John Supko And Bill Seaman: S_Traits
This is chance over method: a real post-industrial display of art born out of an immediate flow of ideas, immortalised onto a disk, assembled by the very negation of art that is genuine calculus and roughly adjusted by man
One should never inconvenience Socrates when discussing the whats and hows of electronic music. One should always refrain from making reference to the allegedly enduring nature of music because, after all, unlike “sound”, a tune is a filthy product of mere reworking of the truth. The word “imitation” springs to mind, instantly denying the purity of art, demolishing the elegance of inspiration. Is therefore real music inherently non-determinist? If it goes full-circle to return to the state of “sound”, it undeniably is. And this is exactly what “s_traits” is all about.

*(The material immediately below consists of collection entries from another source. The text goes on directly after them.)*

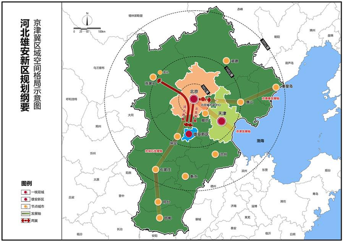 而另一翼雄安新区,地理上的选址也十分微妙。它位于北京、天津、保定三地的中心位置,将雄县、容城、安新三县覆盖进去。它距离北京够近,100公里的距离在北京的可辐射范围内,京雄高铁50分钟即可抵达;它又距离北京够远,远到不会成为一个超级城市快速蔓延的副产品。它“落子”后,恰好将京津和石家庄、邢台、邯郸的南线“连”了起来,这样才可能形成一个新的增长极。
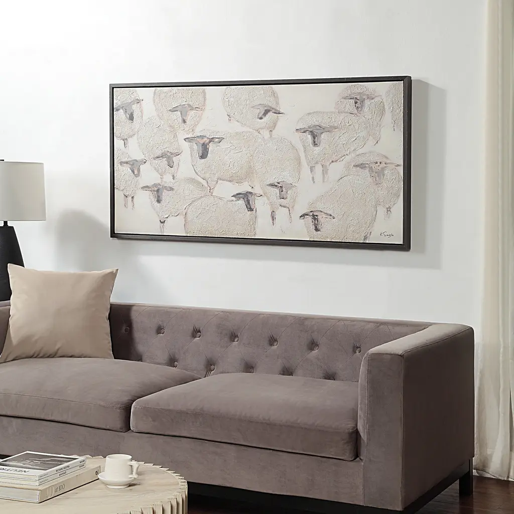 Enhance the aesthetics of any room with the Shah 60" Wide Canvas Art with Wood Frame in Dark Grey. The art piece is skillfully crafted with high-quality canvas and durable wood frame, ensuring its lasting elegance and durability. Its rich dark grey color adds depth and dimension to the painting, making it a great statement piece. The 100 hand-painted design offers a unique and one-of-a-kind artistry, meaning no two pieces are alike. The seamlessly finished continued edges give it a polished look from every angle, while horizontal hanging options provide versatility in how you choose to display it. The versatile size also allows for easy placement in any room, be it a living area, bedroom or study.
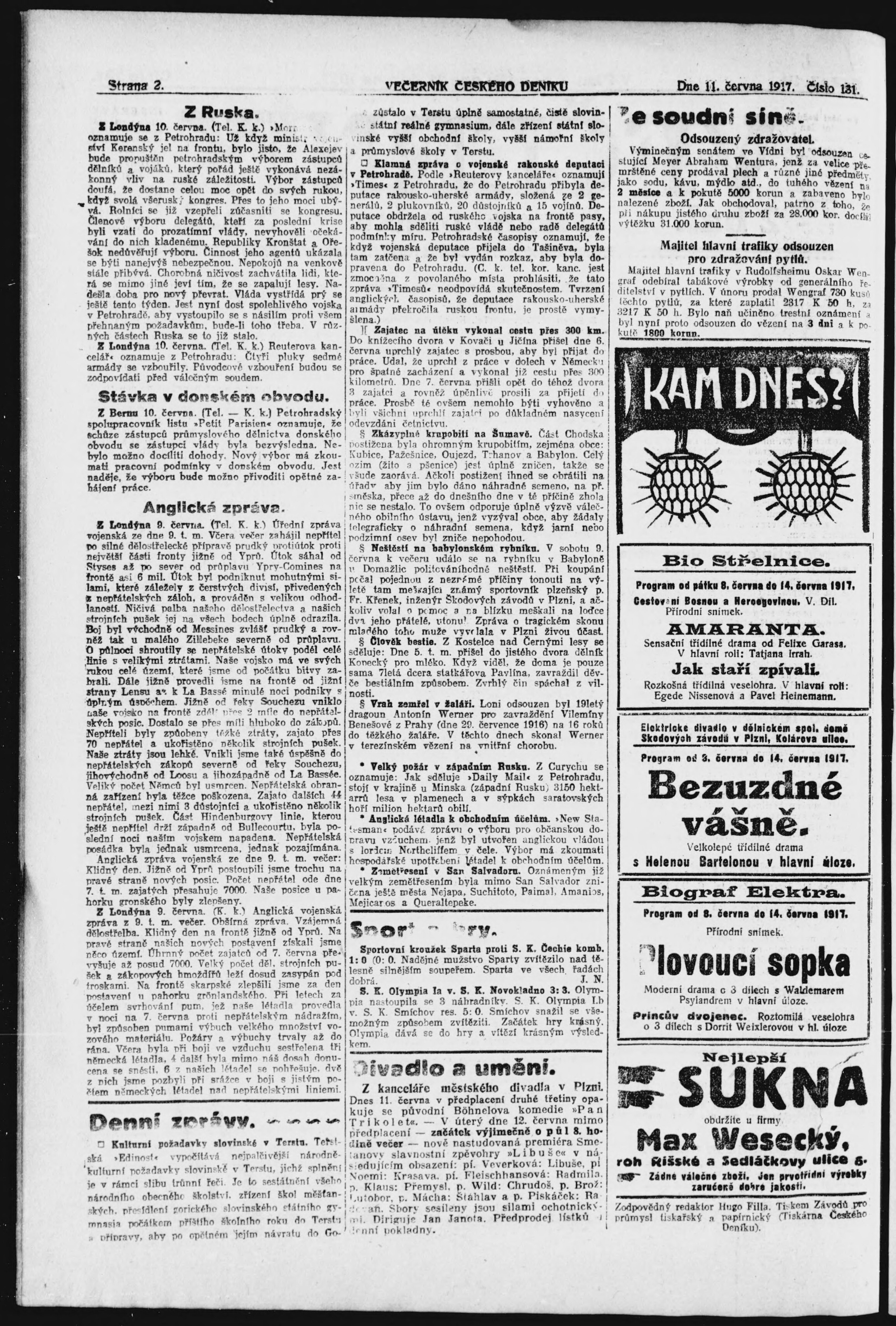* Datum vydání výtisku: 11.6.1917 Číslo výtisku: 131 Poznámky k výtisku: večerní vydání;
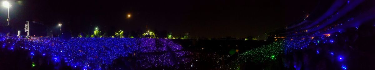 A rainbow Xyloband panorama I took during The Guesthouse during the August 20th performance at the Rose Bowl.
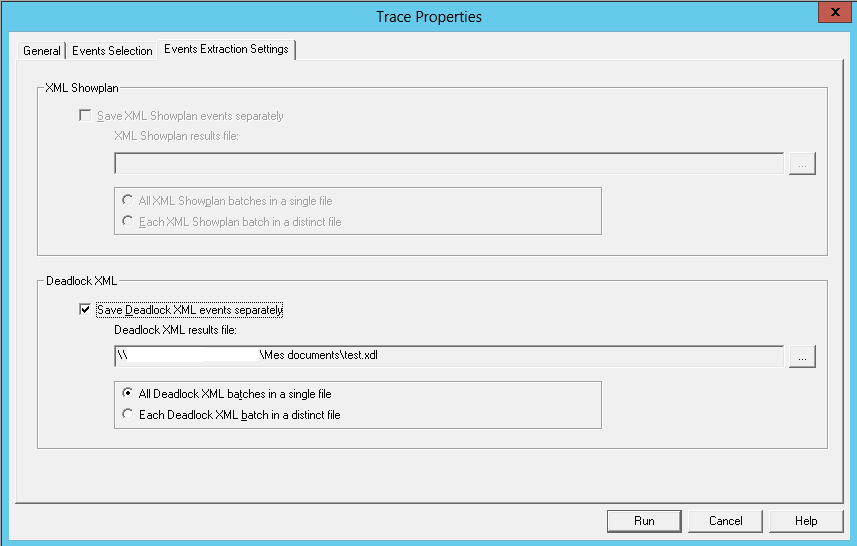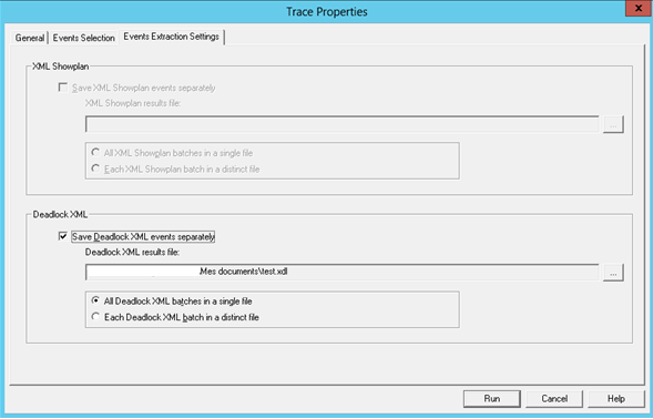 Cuando se selecciona este elemento, podemos ir a la tercera pestaña y especificar ya sea si guardar los eventos XML de interbloqueo en un archivo de resultados separado. Así mismo tendríamos que analizar este archivo con un script o realizar la ejecución de otra cosa.
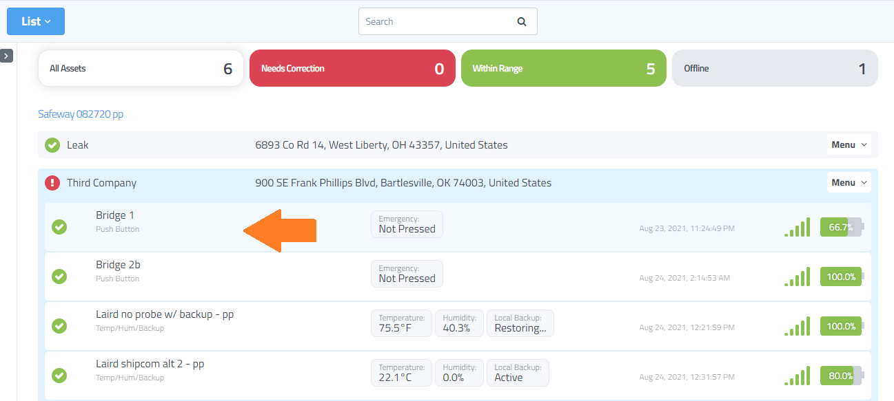 Select the sensor or gateway from the Manage screen.

When composer John Supko met media artist Bill Seaman in 2011, they had barely any time to talk at all, I imagine. Or at least they wasted little time expressing themselves in ways other that the ones of their 110 hours of assorted sounds, noises, ideas, feelings, meanings and values. This gigantic database was a timeless, elegantly chaotic assembly of trunked interpretations of vaguely coherent harmonic substances. Not enough to put an album together, way too much to come up with an intelligible work of craft.

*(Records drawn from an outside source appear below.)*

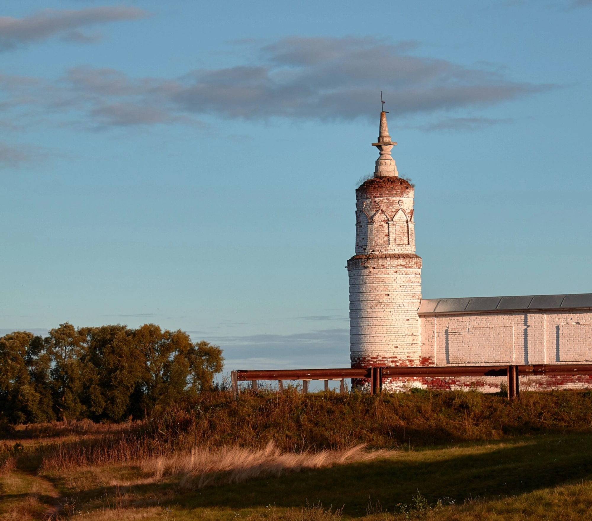 Казанская церковь представляет собой прекрасный образец православной архитектуры Подмосковья. Основной объем храма выполнен из красного кирпича, демонстрирующего благородные следы времени. Особое внимание привлекает высокая колокольня цилиндрической формы, увенчанная коническим завершением и православным крестом, устремленным в небесную высь. Верхняя часть колокольни украшена изящными декоративными элементами, характерными для церковного зодчества.
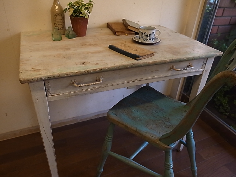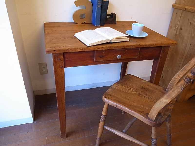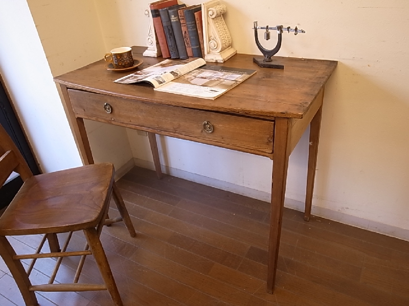 シャビーなフレンチデスクSIZE W90 D54 H76 | 細長いテーブルSIZE W121.5 D64.5 H75 | ほぼ正方形パインテーブルSIZE W104 D100.5 H76 |
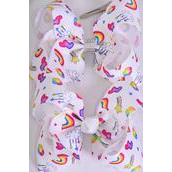 Hair Bow Jumbo Happy Rainbow Cloud Flower Hearts etc Grosgrain Bow-tie / 12 pcs Bow = Dozen
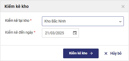 Bước 2: Nhấn Thêm mới phiếu kiểm kê kho, chọn kho cần kiểm kê và ngày kiểm kê. Sau đó, nhấn Kiểm kê kho để tạo phiếu kiểm kê
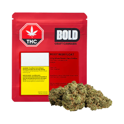 Root Beer Float 14 g whole flower is a rare indica dominant strain created through crossing XXX OG and Vanilla Kush. Enter into a sweet hazy, earthy bliss with hints of lemon and pine aroma. Enjoy the classic Root Beer flavour combined with frothy vanilla notes. BOLD Craft Cannabis is indoor grown, small batch, hang dried, slow cured and hand trimmed. More of the Root Beer Float you know and love.
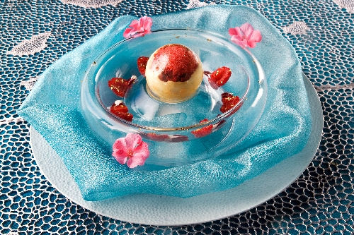 A bubble sugar sphere is filled with lemon mascarpone mousse and fresh strawberries, $25.
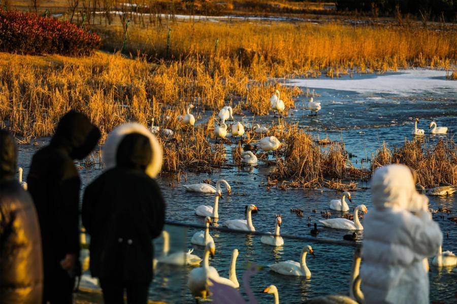 “嘿,嘿!”村民王厚礼的影子被拉得很长,他提着一小桶玉米粒,面对湖区,大吼了几嗓子,“当、当、当”敲着水桶。数百米外,是成群成群的大天鹅,远望一片雪白。

What they did, therefore, was let the software pick and choose, organise and smoothen sonic chaos to turn it into a steady cosmos which had nothing to do with reason but lots in common with the hyper uranium these ideas came from. The resulting work is musical pornographia: an unmediated output that is so sincerely clueless that it appears raw and defenceless. Alas, this is where the magic ends and method takes charge of the project. Supko and Seaman decided to rework the first drafts generated by the computer to make them more organically erotic. Did it work? The loss of this computer-generated spontaneity can be certainly heard in echoes of Brian Eno’s Plateaux of Mirror here (“The Angle of the Lips”) and there (“Chance and Change Motioning”) but, overall, the organic flow is mostly absent or indeed very discreet, at best. Even when bits and pieces of Stockhausen and Ligeti merge on a tune like “In Flight”. Nothing is under control; everything is.

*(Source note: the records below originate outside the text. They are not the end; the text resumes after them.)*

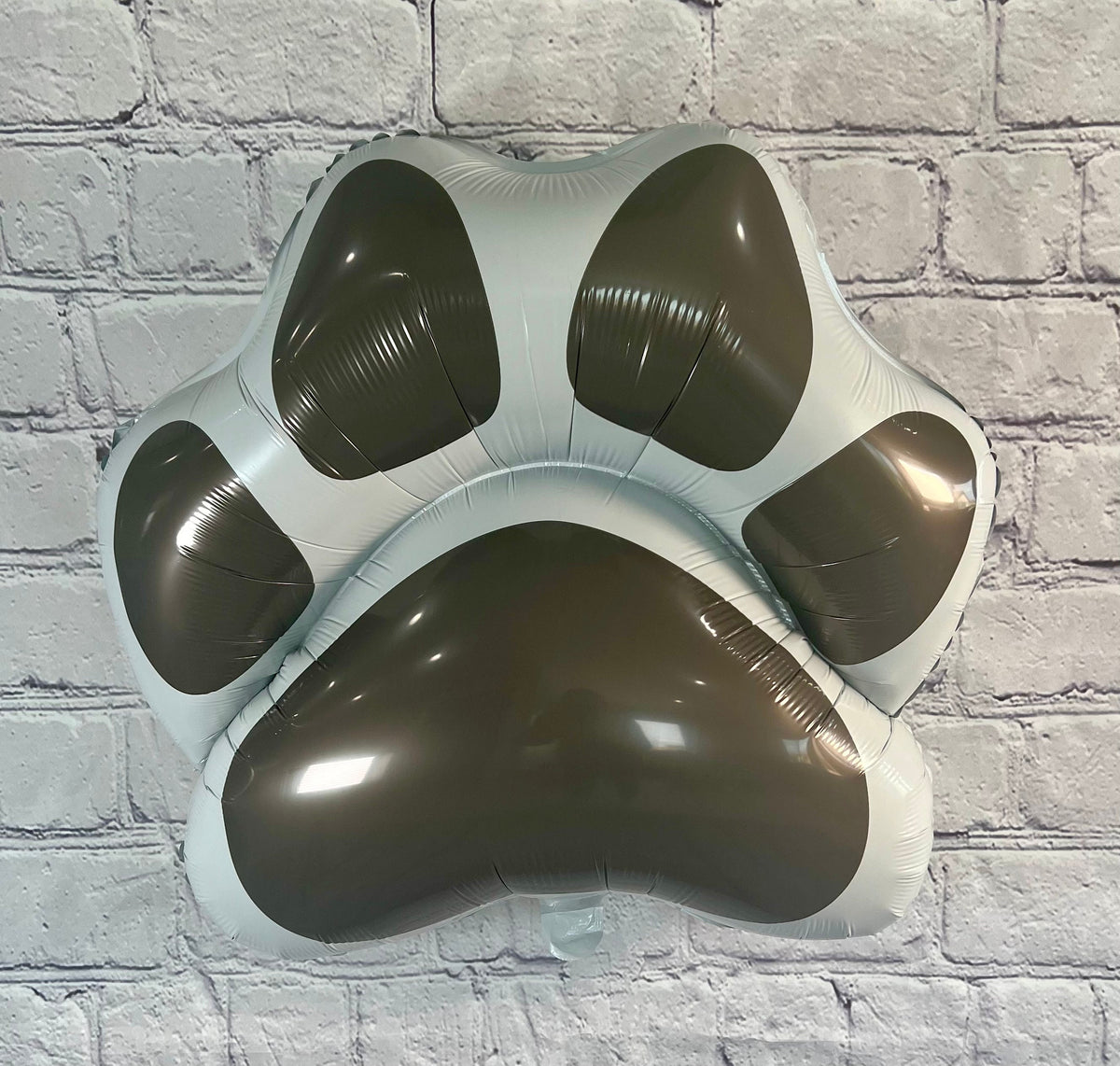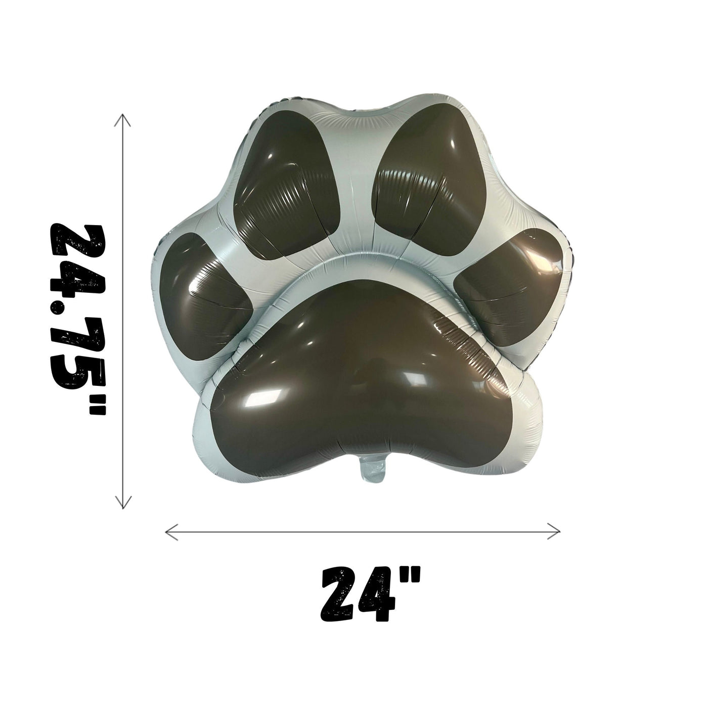 • Black and white dog paw print balloon sized about 24.75 by 24 inches for a strong themed focal point
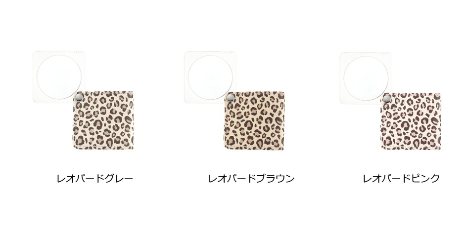 丈夫で上品な人工皮革素材に、優しいパステルカラーのレオパード柄をデザインしました。ブラウン、グレー、ピンクの3色展開のため、どんなファッションにも合わせやすく、オシャレが引き立つワンポイントアクセサリーとしても最適です。
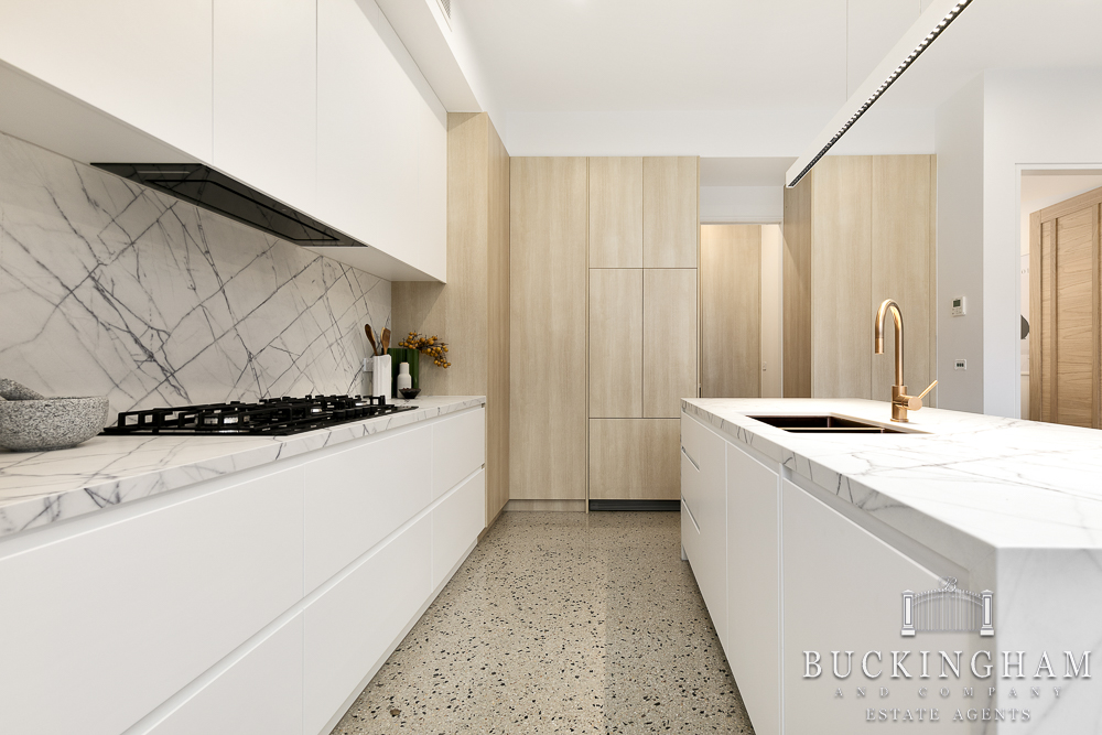 Luxury kitchen – New York palazzo quantum quartz benchtops, custom cabinetry, Miele Pyrolytic

Therefore, although the human factor retains control of the final result, this is chance over method: a real post-industrial display of art born out of an immediate flow of ideas, immortalised onto a disk, assembled by the very negation of art that is genuine calculus and roughly adjusted by man. “s_traits” is entertaining, sentimentally charged and intense, but what would be interesting in the future would be to see that envelope pushed to the extreme. Deconstruction, generative music grammar and soul.